A celebrated maxim says there are only two things that are unavoidable in life: taxes and death. Since the economic crisis we now know that taxes are relatively avoidable especially among the very rich. But death still is not. It is an absolute. Everyone dies. However, no matter how inevitable or commonplace death is, be it our own or that of loved ones, we can never be properly prepared for it. Michael Hanneke's new film is called Amour (Love). Though he is Austrian, many of Haneke's films nowadays are in French.
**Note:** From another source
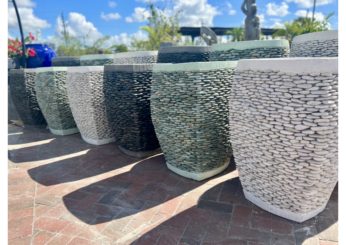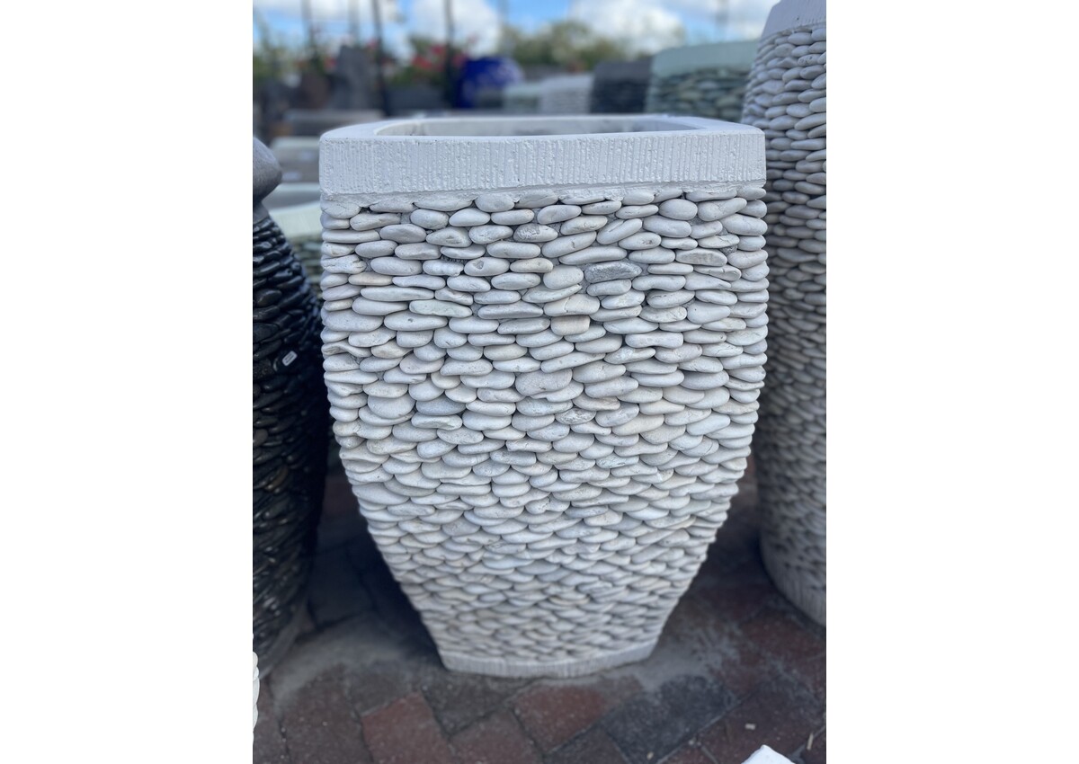 Pebble square planters with rounded edges and a tapered base. Concrete rim with White colored hand placed stones. 30.5H 20W
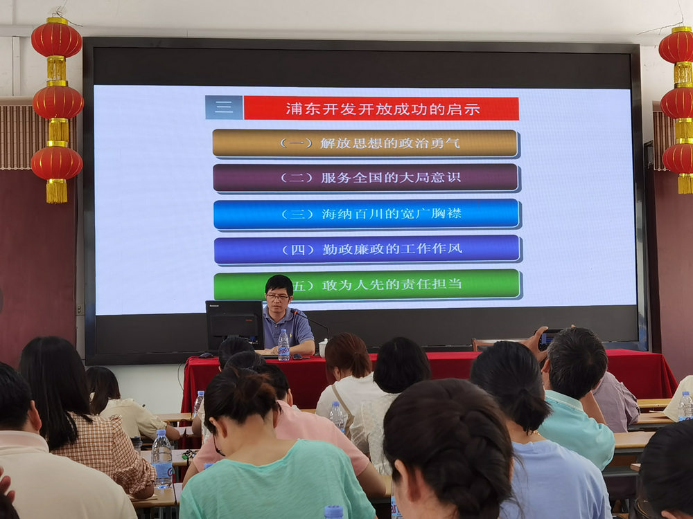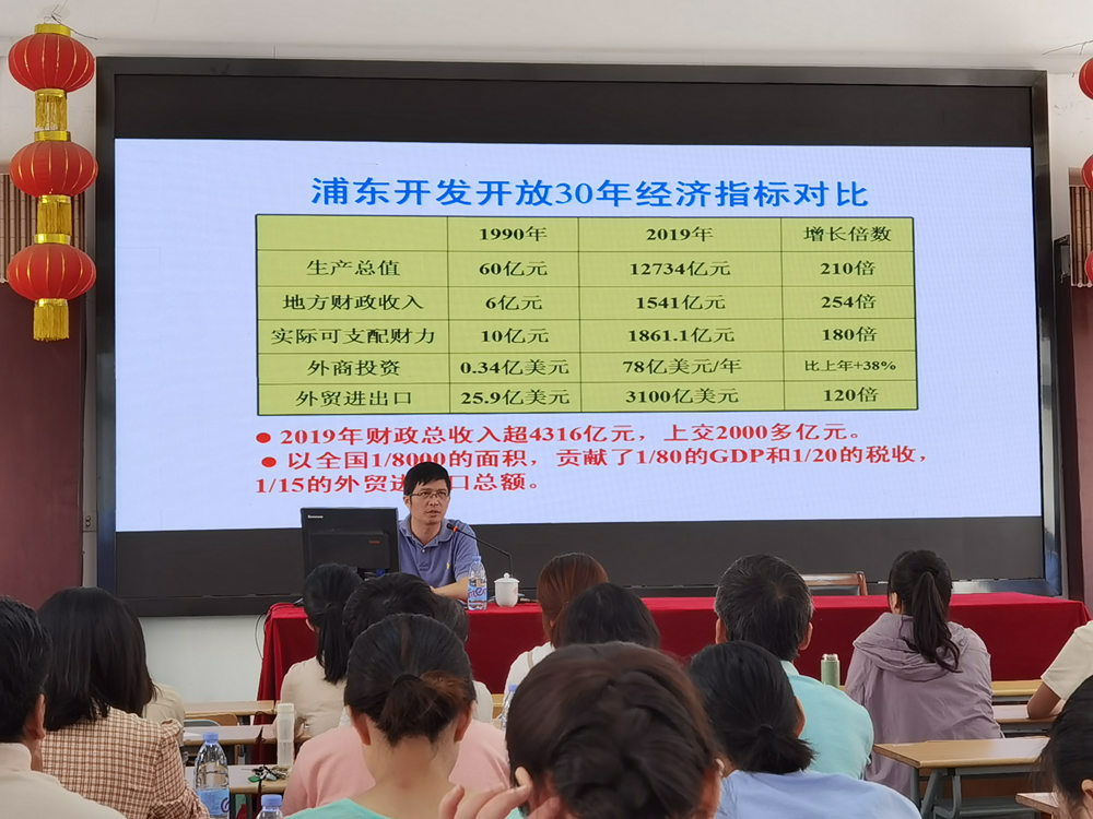 8月27日上午,我校党支部邀请了中国浦东干部学院教学研究部的林存华博士,为我校党员做关于《浦东开发开放史:中国特色社会主义的生动探索》专题讲座。讲座由书记孙翠英主持。

This one tells of a loving couple in their eighties, Anne and George, played magnificently by Emmanuelle Riva and Lean-Louis Trintignant. Both are former music teachers who live a cultured life in Paris, still going to concerts and living at a leisurely pace that befits their age. Anne has a first stroke and is partially paralysed, but capable enough to return home from the hospital. She makes George promise that she will not be sent to a home. We follow them through the phases, the inevitable stages that follow as Anne's condition, both mental and physical, deteriorate. Everything that was dear to them progressively loses meaning and value, even music and their own close complicity. Amour is an upsetting film that is none the less masterful for its execution.

These three are the favourites of the competition half way through the competition programme, though none could be accused of putting a skip in anyone's existential step for the questions they ask. But despite their undeniable "feel-bad" factor, all are testament to cinema as art. Perhaps also in tune with the darkest, wettest weather Cannes has seen in many a year."